Table 6 Predicted hub proteins from the essential gene lists for C. jejuni (A) and C. coli (B). C. jejuni and C. coli top 10 hub proteins were predicted using Betweenness, Closeness, Degree, Radiality and Bottleneck to rank nodes within the protein-protein interaction networks built from the essential gene lists. The top 10 proteins are in rank order (1 being the highest and 10 being the lowest) according to species and the type of analysis

Included in the essential gene list across all four species are 21 genes of unknown function, with eight of these predicted, by Bakta, to be a periplasmic proteins or integral membrane proteins. These eight include two which have been experimentally shown to be N-glycosylated (Cj0515 and Cj0503) [85], four which have been found to have functions, but have not been annotated as such (Cj1276c – FtsX, Cj0801 – MurJ, Cj0362 – HemJ and Cj0313 – LptF/G). Two genes, Cj0651 and Cj1637c, have no functional domains predicted but are annotated as an integral membrane protein and a periplasmic domain respectively.

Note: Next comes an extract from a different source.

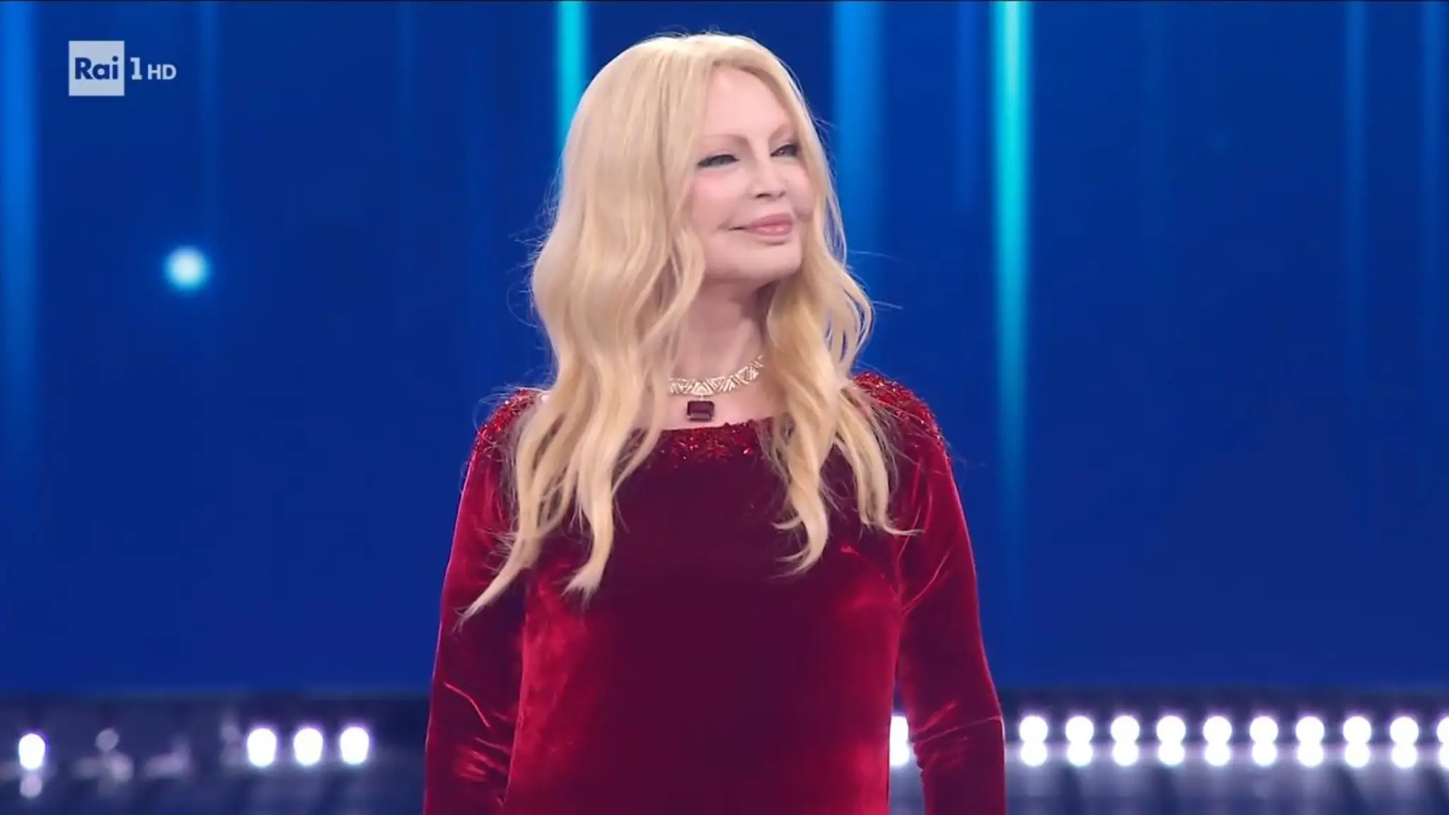 Entra con un vestito di velluto rosso accolta da Carlo Conti e annunciata da Laura Pausini. Il suo brano è flusso di emozione che invade il teatro dell’Ariston
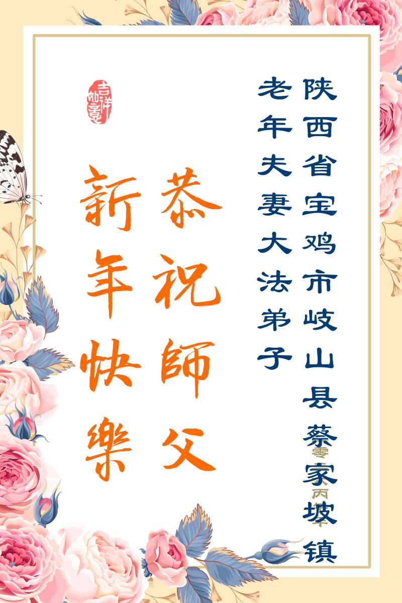 陕西省宝鸡市眉县全体大法弟子 二零二六年一月二十三日 陕西省宝鸡市岐山县蔡家坡镇老年夫妻大法弟子恭祝师父新年快乐!

We performed a BlastP search against non-redundant protein sequences excluding those from Campylobacter. For Cj0651 we were unable to find any proteins with similar sequence in any other bacteria outside the Campylobacterales order. This protein warrants further investigation as a possible Campylobacterales-specific, core-essential, surface-accessible target. From the rest of the hypothetical genes that were not annotated as being membrane associated, two genes have previously been highlighted in previous essential gene lists. The genes, Cj0711 and Cj1712, have been found to be essential across multiple Tn mutagenesis studies. Interestingly Cj1712 has been found to encode a putative PunB homolog thus likely be involved in purine and pyrimidine metabolism [21].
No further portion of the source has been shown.